The first line of this program has a lot going on. Let’s start by looking
at the open() function. To do any work with a file, even just printing its contents,
you first need to open the file to access it. The **open()** function needs
one argument: the name of the file you want to open. Python looks for this
file in the directory where the program that’s currently being executed is
stored.

The next line `for curline in fp:` loops over the file's lines via the **fp** filehandle variable - it will execute everything in the code block below it once per line, putting a new line of text in **cur_line** on each loop.

(Another nicety of this **with** construct is that when program execution leaves the code block below it, the filehandle is closed for you.

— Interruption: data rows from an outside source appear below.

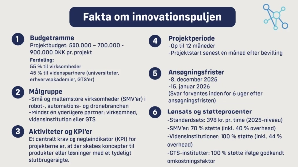 Formålet med puljen er at understøtte innovationsparate SMV’er i robot-, automations- og droneøkosystemet, der ønsker at udvikle nye løsninger med kommercielt potentiale — løsninger, som både kan styrke danske virksomheders konkurrencekraft og bidrage til øget automatisering i bredere dele af industrien.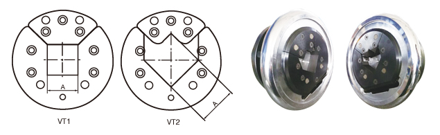 | 安全卡盤可制作成更換托口嵌件的方式,嵌件材料選用特殊鋼材淬火制成,更極大的延長了使用壽命。根據(jù)開口方式的不同,分為VT1型和VT2型。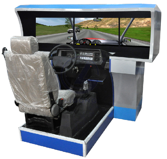三屏汽車駕駛模擬器(玻璃鋼外殼、3臺22寸液晶顯示器)座艙采用真車操作部件,為學員提供一個真車的操作環境。提供的訓練場景按中國道路的實際情況設計,可以分級設置,能訓練學員的基本駕駛操作技術和處理緊急情況的應變能力,能使學員快速掌握駕駛理論知識和基本操作技能。駕駛座艙可以獨立使用,也可以通過數據通信單元與電腦主控臺配合使用。座艙單獨使用時,可以實現汽車駕駛教學與訓練功能。和主控配合使用時,可以實現由教師監管任何一學員實時駕駛畫面,并能將每個學員檔案成績打印等功能。

Typically you have to manage closing the filehandle yourself, and this is important to do: to flush any waiting output to disk and to release the filehandle for reuse -- there are a finite number of them.)

We can do all our string tricks on each line. Let's use a different form, and a different kind of input file...

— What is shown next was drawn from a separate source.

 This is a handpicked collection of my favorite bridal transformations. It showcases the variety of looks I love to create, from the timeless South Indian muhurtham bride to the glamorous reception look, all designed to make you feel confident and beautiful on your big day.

## Reading our first sequences!

In [None]:
#printing all the lines....
nexus_file = open("happy_face.fastq")
for cur_line in nexus_file:
    print cur_line.strip()

In [None]:
# Let's start by printing only lines that start with "@"
nexus_file = open("happy_face.fastq")
for cur_line in nexus_file:
    cur_line = cur_line.rstrip()
    if cur_line.startswith('@'):
        print "Sequence name and description: ", cur_line

In [None]:
# First version of the function - splits on "@" and prints the list
def print_sequence_name(cur_line):
    as_list = cur_line.split('@')
    print as_list

In [None]:
def simplefunction():
    i = 3
    m = i * 45
    d = m // 15
    return d
print simplefunction()

In [None]:
print simplefunction()

In [None]:
%who

In [None]:
# Now, let's send each line that starts with @ to a function...
nexus_file = open("happy_face.fastq")
for cur_line in nexus_file:
    cur_line = cur_line.strip()
    if cur_line.startswith('@'):
        print "Sequence name and description: ", cur_line
        print_sequence_name(cur_line)

In [None]:
## Writing files

In [None]:
%%bash
ls

In [None]:
output_file = open("output_file","w")
output_file.write ("one line file! We win!\n")

In [None]:
%%bash
ls

In [None]:
%%bash
cat output_file

# Stupid letter tricks

ASCII is fun - all letters have a corresponding numerical value. The built-in funciton __chr()__ converts them... the alphabet happens to start at ascii 97..

In [None]:
print chr(97)

In [None]:
for i in range(97,97+26):
    print chr(i),

In [None]:
print "table of char codes can be found at https://unicode-table.com"
print "notice strings are prefixed with a u in the Python code"
print
print u"using unicode: \u00DCmlaut \u00FC \u00C6 \u0996"
print u"using unicode: \u2713 \u262F \u221E \u2766 \u2705"
print u"so many cats:  \U0001F408  \U0001F431  \U0001F638  \U0001F639  \U0001F63A  \U0001F63B",
print u" \U0001F63C  \U0001F63D  \U0001F63E  \U0001F63F  \U0001F640"
print u" \U00011A31"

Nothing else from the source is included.